Астрономы единодушно заявили, что Марс, несомненно, пригоден для обитания существ, подобных нам, но, как можно предположить, я был не в настроении довольствоваться тем, что считал его просто пригодным для жизни. Я не допускал никаких сомнений в том, что он был обитаем. О том, какими существами могут быть эти обитатели, я нашел увлекательное предположение. Разнообразие типов, встречающихся у человечества даже на этой маленькой Земле, делает весьма самонадеянным предположение, что обитатели разных планет не могут характеризоваться более глубокими различиями. Где такие различия, в сочетании с общим сходством с человеком, могут заключаться, будь то в простых физических различиях или в разных ментальных законах, в отсутствии некоторых из великих двигателей страстей у людей или в обладании совершенно другими, были необычными темами, неизменно привлекающими мой разум. Видения Эльдорадо, которыми девственная тайна Нового Света вдохновляла первых испанских исследователей, были скучными и прозаичными по сравнению с предположениями, что было вполне закономерно, когда проблема заключалась в условиях жизни на другой планете.
Это было время года, когда Марс наиболее благоприятен для наблюдения, и, стремясь не потерять ни часа драгоценного времени года, я провел большую часть нескольких ночей подряд в обсерватории. Я полагал, что сделал несколько оригинальных наблюдений относительно направления побережья Земли Кеплера между полуостровом Лагранжа и заливом Кристи, и именно на это место были особо направлены мои наблюдения.
На четвертую ночь другая работа задержала меня в кресле наблюдателя до полуночи. Когда я настроил прибор и впервые взглянул на Марс, я помню, что не смог сдержать возгласа восхищения. Планета была довольно яркой. Она казалась ближе и больше, чем я когда-либо видел ее прежде, и ее необычный румянец был еще более поразительным. За тридцать лет наблюдений я не припомню ни одного случая, когда отсутствие выбросов в нашей атмосфере совпадало бы с такой безоблачностью в атмосфере Марса, как в ту ночь. Я мог ясно различить белые массы пара на противоположных краях освещенного диска, которые являются туманами его рассветов и вечеров. Снежная громада Маунт-Холла на фоне земли Кеплера вырисовывалась с удивительной четкостью, и я мог безошибочно различить голубой оттенок океана Де-Ла-Рю, омывающего его подножие, – удивительное зрелище, в действительности часто наблюдаемое астрономами, хотя я никогда раньше не делал этого к своему полному удовольствию.

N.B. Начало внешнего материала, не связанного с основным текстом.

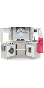 Ignite your child’s creativity with our corner play kitchen, an immersive wooden playset packed with double stoves with realistic sound and light effects for an authentic chef experience. Designed with a space-saving corner design, this kids’ play kitchen fits neatly in any room and features interactive zones like an oven, dishwasher, microwave, and even a washing machine. Complete with the pot and pan, play food, utensils and spices, it provides endless imaginative play for little chefs aged 3 and up. Let your budding chef cook, clean, and learn teamwork in style with this all-in-one corner kitchen—a perfect gift for birthdays or holidays!

Я был впечатлен мыслью, что если я когда-нибудь и сделаю оригинальное открытие в отношении Марса, то это будет в тот вечер, и я верил, что должен это сделать. Я дрожал от перемешавшихся восторга и беспокойства и был вынужден сделать паузу, чтобы восстановить самообладание. Наконец, я приложил глаз к окуляру и направил свой взгляд на ту часть планеты, которая меня особенно интересовала. Мое внимание вскоре стало фиксированным и поглощенным намного больше, чем при обычных моих наблюдениях, и это само по себе подразумевало необычную степень концентрации. Во всех умственных устремлениях и задачах я был на Марсе. Каждая способность, любая восприимчивость чувств и интеллекта, казалось, постепенно переходили в глаза и концентрировались в процессе созерцания. Каждый атом нервов и силы воли объединились в стремлении видеть немного, и еще немного, и еще немного, яснее, дальше, глубже.

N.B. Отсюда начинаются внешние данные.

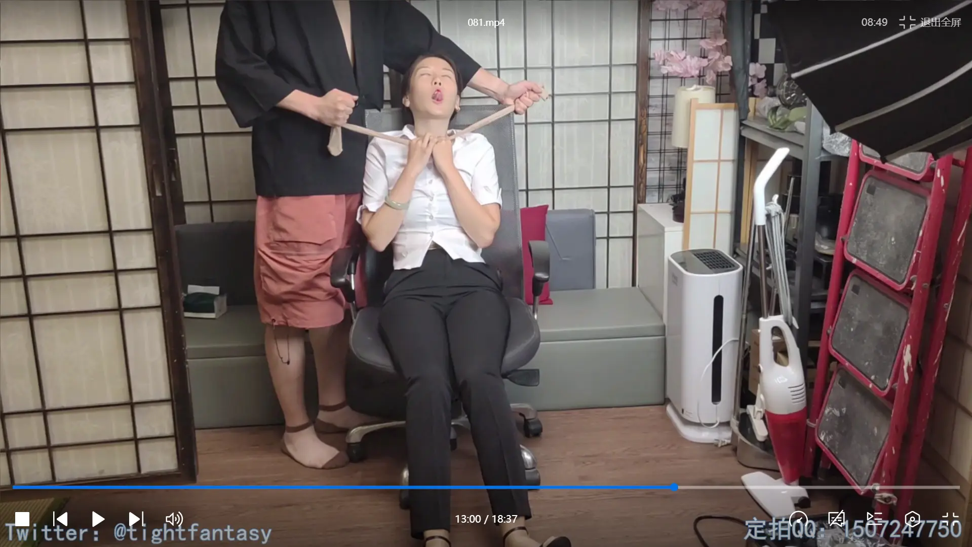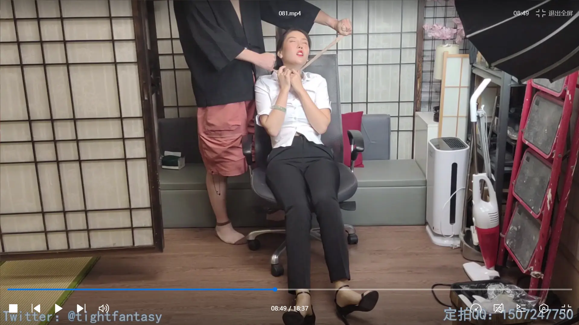 服装:OL服装,上身紧身白衬衫,下身阔腿九分裤或七分裤,

Следующее, что я смог вспомнить, – я был на кровати, которая стояла в углу комнаты для наблюдений, приподнявшись на локте и пристально глядя на дверь. Это было средь бела дня. Полдюжины мужчин, в том числе несколько профессоров и доктор из деревни, были вокруг меня. Некоторые пытались заставить меня лечь, другие спрашивали, чего я хочу, в то время как доктор убеждал меня выпить немного виски. Машинально отталкивая их руки, я указал на дверь и воскликнул: "Президент Биксби идет", высказывая единственную мысль, которая в тот момент содержалась в моем ошеломленном уме. И действительно, как раз в тот момент, когда я говорил, дверь открылась, и почтенный глава колледжа, несколько ошалевший от подъема по крутой лестнице, стоял на пороге. С чувством невероятного облегчения я откинулся на подушку.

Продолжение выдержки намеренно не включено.